Based on the Leptinotarsa decemlineata transcriptome dataset and the GenBank sequences, 70 novel carboxylesterases and 2 acetylcholinesterases were found. The 72 members belong to a multifunctional carboxylesterase/cholinesterase superfamily (CCE). A phylogenetic tree including the 72 LdCCEs and the CCEs from Tribolium castaneum, Drosophila melanogaster and Apis mellifera revealed that all CCEs fell into three main phylogenetic groups: dietary/detoxification, hormone/semiochemical processing, and neurodevelopmental classes. Numbers of L. decemlineata CCEs in the three classes were 52, 12 and 8, respectively. The dietary/detoxification class includes two clades: coleopteran xenobiotic metabolizing and α-esterase type CCEs. CCEs in the two clades have independently expanded in L. decemlineata. The hormone/semiochemical processing class has three clades: integument CCEs, β- and pheromone CCEs and juvenile hormone CCEs. Integument CCEs in L. decemlineata have also expanded. The neurodevelopmental CCEs are implicated the most ancient class, containing acetylcholinesterase, neuroligin, neurotactin, glutactin, gliotactin and others. Among the 70 novel CCE genes, KM220566, KM220530, KM220576, KM220527 and KM220541 were fipronil-inducible, and KM220578, KM220566, KM220542, KM220564, KM220561, KM220554, KM220527, KM220538 and KM220541 were cyhalothrin-inducible. They were the candidates involving in insecticide detoxification. Moreover, our results also provided a platform to understand the functions and evolution of L. decemlineata CCE genes.

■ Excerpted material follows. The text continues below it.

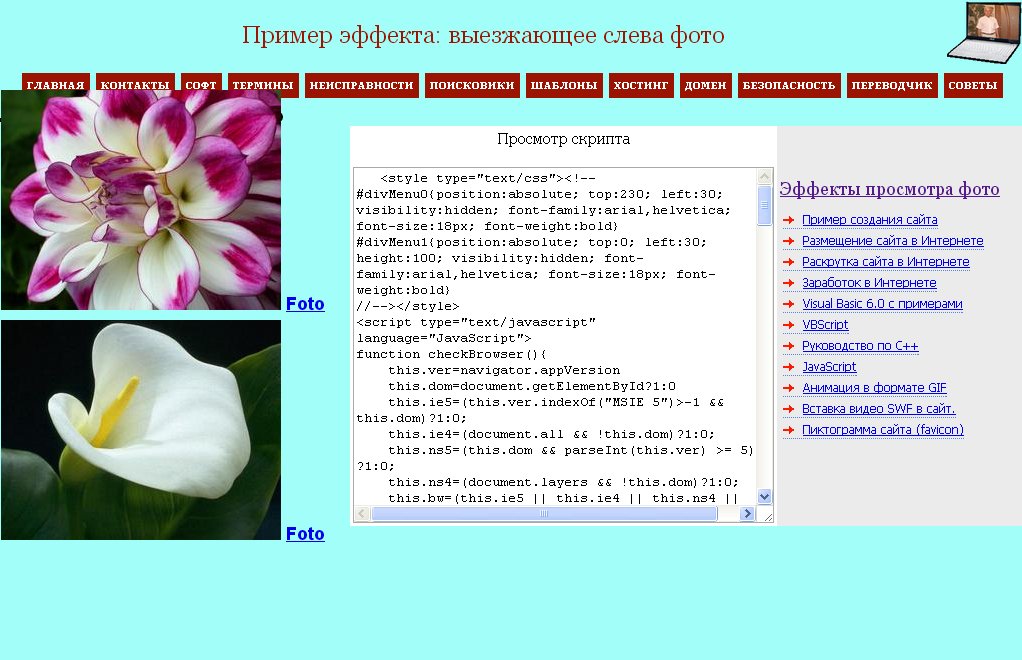 | <html> <head> <title>Создание сайта </title> <meta http-equiv="Content-Type" content="text/html; charset=utf-8"> </head> <body bgcolor="#ceceff" > <center>Создание собственного сайта.</center><center><img src="com (8).gif" width=213 height=170 border=0></center> </body> </html>  |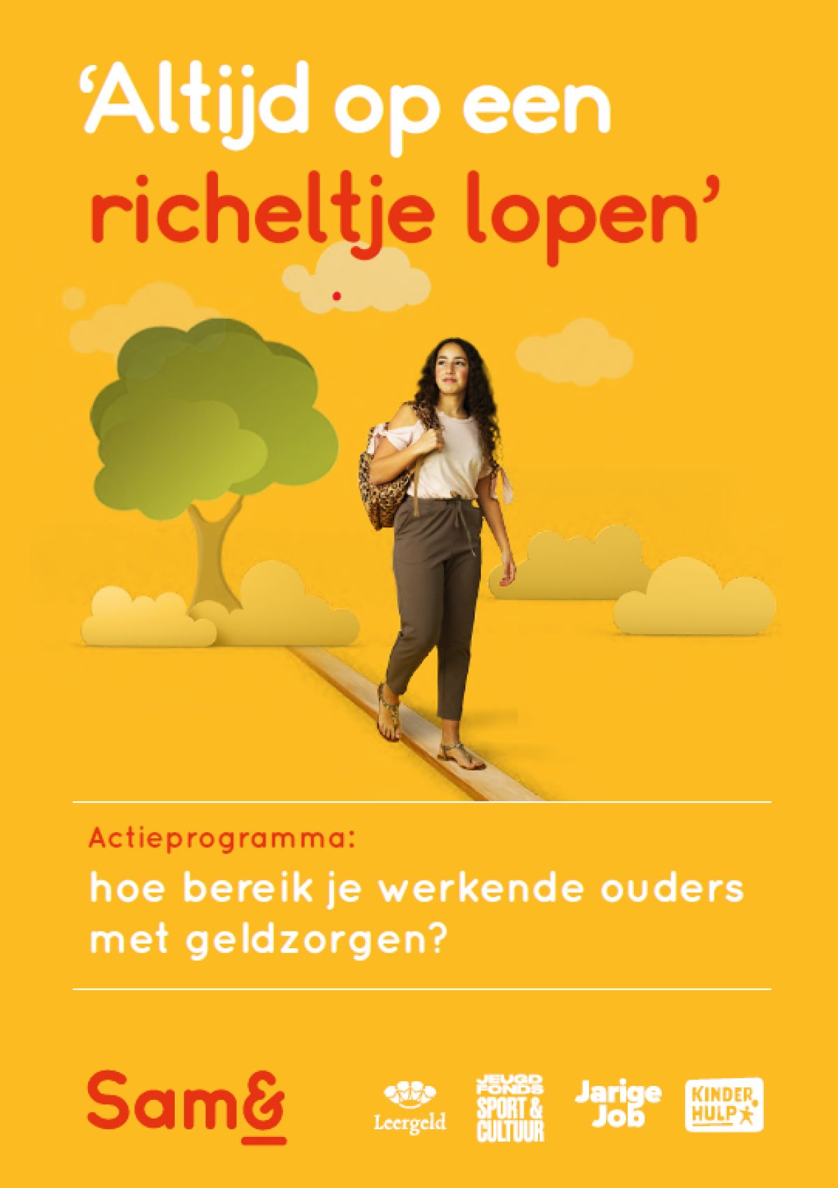 Met subsidie van het Ministerie van Sociale Zaken en Werkgelegenheid (SZW) is vanuit Sam& een project opgezet om het bestaande ondersteuningsaanbod voor werkende ouders beter toegankelijk te maken. Om te weten hoe hun situatie eruit ziet en welke belemmeringen zij ervaren, heeft Sam&werkingspartner Leergeld Nederland de ervaringen van 22 werkende ouders met geldzorgen onderzocht. Dit is gepubliceerd in het Sam& onderzoeksrapport ‘Altijd op een richeltje lopen’. De bevindingen van het onderzoek en gesprekken daarover met uiteenlopende partijen, zoals verschillende maatschappelijke organisaties, gemeenten en werkgevers, hebben geleid tot het concrete actieprogramma en toolkit. De toolkit geeft gemeenten, professionals en werkgevers concrete handvatten om de uitvoeringspraktijk te verbeteren.Het actieprogramma en de bijbehorende toolkit zijn te downloaden op onze Leergeld Nederland website via: www.leergeld.nl/publicaties en op de website van Sam& via: www.samenvoorallekinderen.nl/werkende-ouders.

Knockdown of a nutrient amino acid transporter gene LdNAT1 reduces free neutral amino acid contents and impairs Leptinotarsa decemlineata pupation

A Leptinotarsa decemlineata SLC6 NAT gene (LdNAT1) was cloned. LdNAT1 was highly expressed in the larval alimentary canal especially midgut. LdNAT1 mRNA levels were high right after the molt and low just before the molt. JH and a JH analog pyriproxyfen activated LdNAT1 expression. RNAi of an allatostatin gene LdAS-C increased JH and upregulated LdNAT1 transcription. Conversely, silencing of a JH biosynthesis gene LdJHAMT decreased JH and reduced LdNAT1 expression. Moreover, 20E and an ecdysteroid agonist halofenozide repressed LdNAT1 expression, whereas a decrease in 20E by RNAi of an ecdysteroidogenesis gene LdSHD and disruption of 20E signaling by knockdown of LdE75 and LdFTZ-F1 activated LdNAT1 expression. Thus, LdNAT1 responded to both 20E and JH. Moreover, knockdown of LdNAT1 reduced the contents of cysteine, histidine, isoleucine, leucine, methionine, phenylalanine and serine in the larval bodies and increased the contents of these amino acids in the larval feces. Furthermore, RNAi of LdNAT1 inhibited insulin/target of rapamycin pathway, lowered 20E and JH titers, reduced 20E and JH signaling, retarded larval growth and impaired pupation. These data showed that LdNAT1 was involved in the absorption of several neutral amino acids critical for larval growth and metamorphosis.